# Head Lamps?



## Fractured (Feb 15, 2011)

I did a search for headlamps and headlights and didn't get anything relevant.

What type of headlamps do you guys use?
Do you always have one on your hardhat (if you wear one)?

I use a rayovac like this:










It has 3 lights (led, red night vision, incandescent).

The LED doesn't throw that much light so I'm looking to upgrade to something bright with good battery life.

Any recommendations?


----------



## crash_777 (Aug 2, 2008)

I picked this one up at the supplier for 10 bucks 3 years ago. still works like a charm. its very compact and i am able to store it in my bag very easily

http://www.botachtactical.com/en6ledhe.html


----------



## Ziggy (Feb 2, 2011)

I like my wife's headlamps.:laughing:


----------



## brison1208 (Feb 1, 2011)

crash_777 said:


> I picked this one up at the supplier for 10 bucks 3 years ago. still works like a charm. its very compact and i am able to store it in my bag very easily
> 
> http://www.botachtactical.com/en6ledhe.html


Yep energizer ones are good. That's the one I have, but I had to zip tie the sides of it to my hardhat to stop it from coming off.


----------



## HARRY304E (Sep 15, 2010)

Fractured said:


> I did a search for headlamps and headlights and didn't get anything relevant.
> 
> What type of headlamps do you guys use?
> Do you always have one on your hardhat (if you wear one)?
> ...


Thats the exact one i have.. and i love it it is great when your crawling around in an attic.


----------



## Rockyd (Apr 22, 2007)

Winter time, here in the northland, have one with me 24/7. Summertime and 24 hour daylight not so much.

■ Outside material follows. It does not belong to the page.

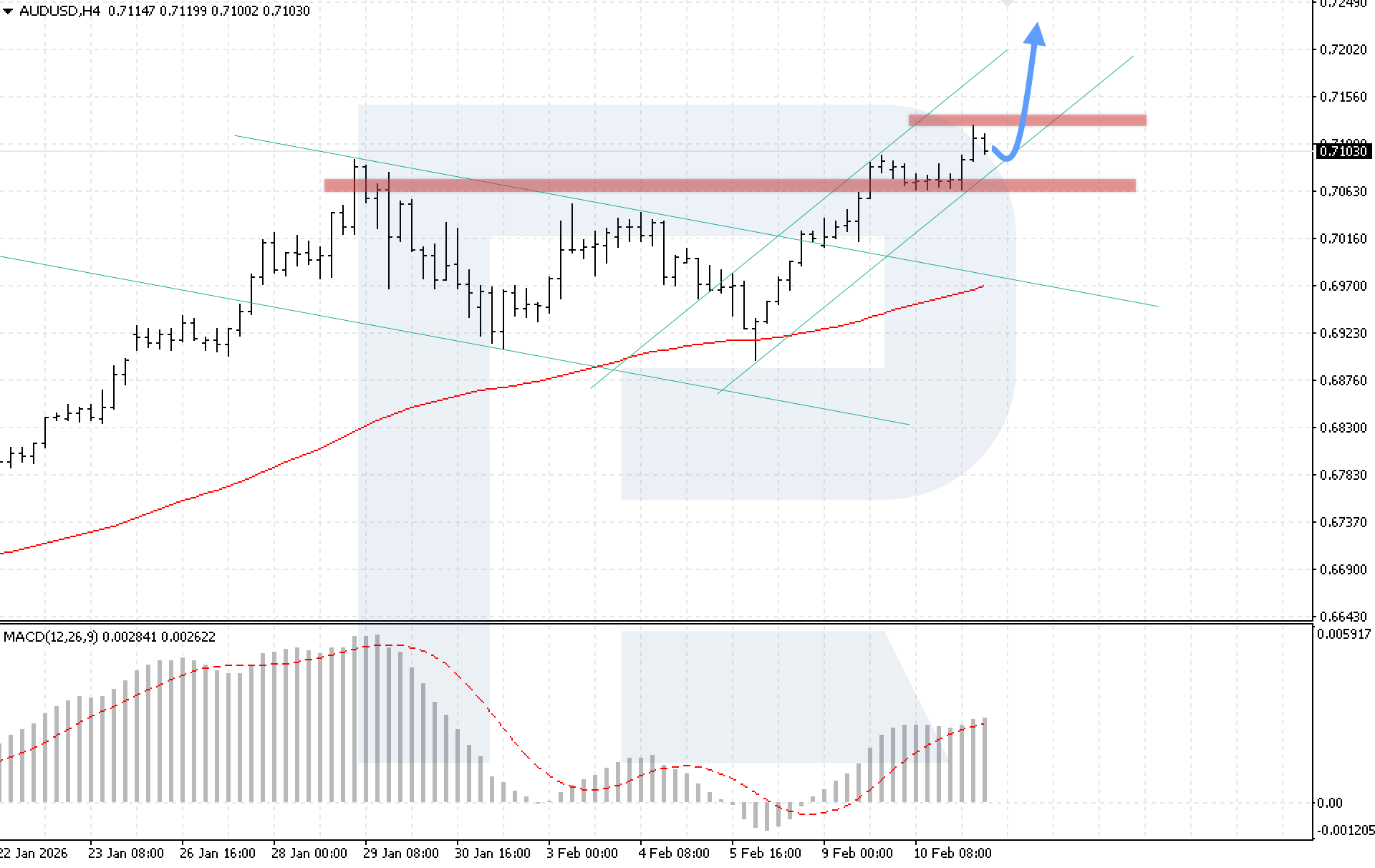 AUDUSD жұбының H4 графигінде нарық қарсылықты бұзғаннан кейін түзету көрсетуде, алайда баға өсуші арна ішінде қалуда. Бүгін, 11 ақпан 2026, негізгі сценарий арна шекарасынан кері серпілгеннен кейін 0.7215 деңгейін мақсат еткен бычий импульстің жалғасуын қарастырады.

PETZL is the brand that I have in the box. Takes 3 AAA batteries, and lasts for several hours...LED lighting.


----------



## Fractured (Feb 15, 2011)

Rockyd said:


> Winter time, here in the northland, have one with me 24/7. Summertime and 24 hour daylight not so much.
> 
> PETZL is the brand that I have in the box. Takes 3 AAA batteries, and lasts for several hours...LED lighting.


I looked at those on Amazon. They got some good reviews, but were a bit pricey. I wonder if its worth the extra money.


----------



## KayJay (Jan 20, 2008)

I’ve had one of the Princeton Tec Quad LED headlamps for a few years and it’s been really decent. Nice and bright and very good battery life. I think it was only around $35.00. They sell them on Amazon as well.
http://www.princetontec.com/index.php?q=quad


----------



## HARRY304E (Sep 15, 2010)

Fractured said:


> I looked at those on Amazon. They got some good reviews, but were a bit pricey. I wonder if its worth the extra money.

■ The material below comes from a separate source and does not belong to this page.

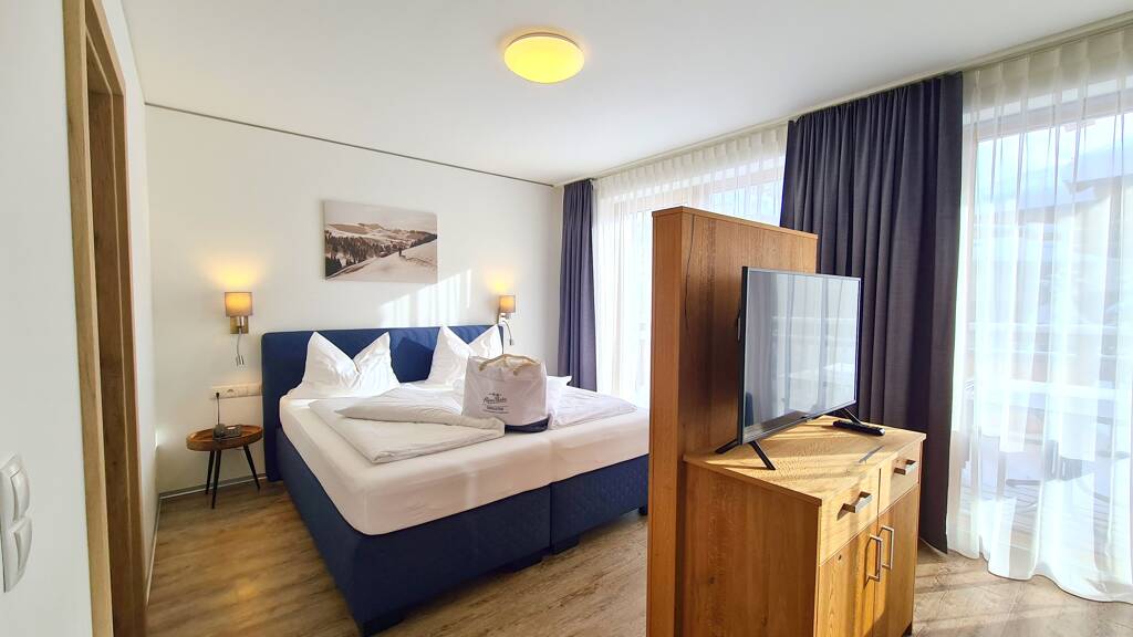Der offene und lichtdurchflutete Wohn- und Schlafbereich ist in alpinen Chic hochwertig möbliert, während das moderne, großzügige Badezimmer mit einer entspannenden Regendusche punktet.

 They have them at home depot there Cheap :thumbup:


----------



## 480sparky (Sep 20, 2007)

X2 on the Petzl.

I think mine was around $65. 4 light levels, plus flashing. Wide & narrow beam, adjustable base.

Well worth the money. If you buy a cheap one, you get a cheap one.


----------



## MDShunk (Jan 7, 2007)

I have been using a Streamlight headlight for a couple years, but the batteries froze this winter, expanded, and busted the housing. It's trash now. I think my next one will clip onto my hard hat as a reminder to wear my hard hat more often.


----------



## Bkessler (Feb 14, 2007)

Well I'll say, they have revolutionized attic and crawl space work. I like the cheapies from HD.


----------



## mikeh32 (Feb 16, 2009)

I have the energizer one as well. super cheap and no worries when i break it. 

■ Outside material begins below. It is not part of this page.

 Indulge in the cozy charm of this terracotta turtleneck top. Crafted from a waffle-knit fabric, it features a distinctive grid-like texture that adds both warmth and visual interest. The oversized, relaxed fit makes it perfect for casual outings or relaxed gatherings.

I also have 2 petzls, but I also rock climb hence why. 

ive been eyeing this one too

http://www.uscav.com/productinfo.aspx?productid=18908&tabid=1&catid=2747


----------



## Fractured (Feb 15, 2011)

KayJay said:


> I’ve had one of the Princeton Tec Quad LED headlamps for a few years and it’s been really decent. Nice and bright and very good battery life. I think it was only around $35.00. They sell them on Amazon as well.
> http://www.princetontec.com/index.php?q=quad



That one looks good too!:thumbsup:

I think the next time I'm at home depot I'm going to check out what they have as well.


----------



## Eddies Electric (Jan 31, 2011)

I use streamlight... I have stream light on my gun, I carry one in my truck, one in my tool bag... The headlamp is awesome!! Worth the money


----------



## racerjim0 (Aug 10, 2008)

$3 Coleman? from Wallyworld


----------



## B4T (Feb 10, 2009)

I have to get one of those and join the modern age..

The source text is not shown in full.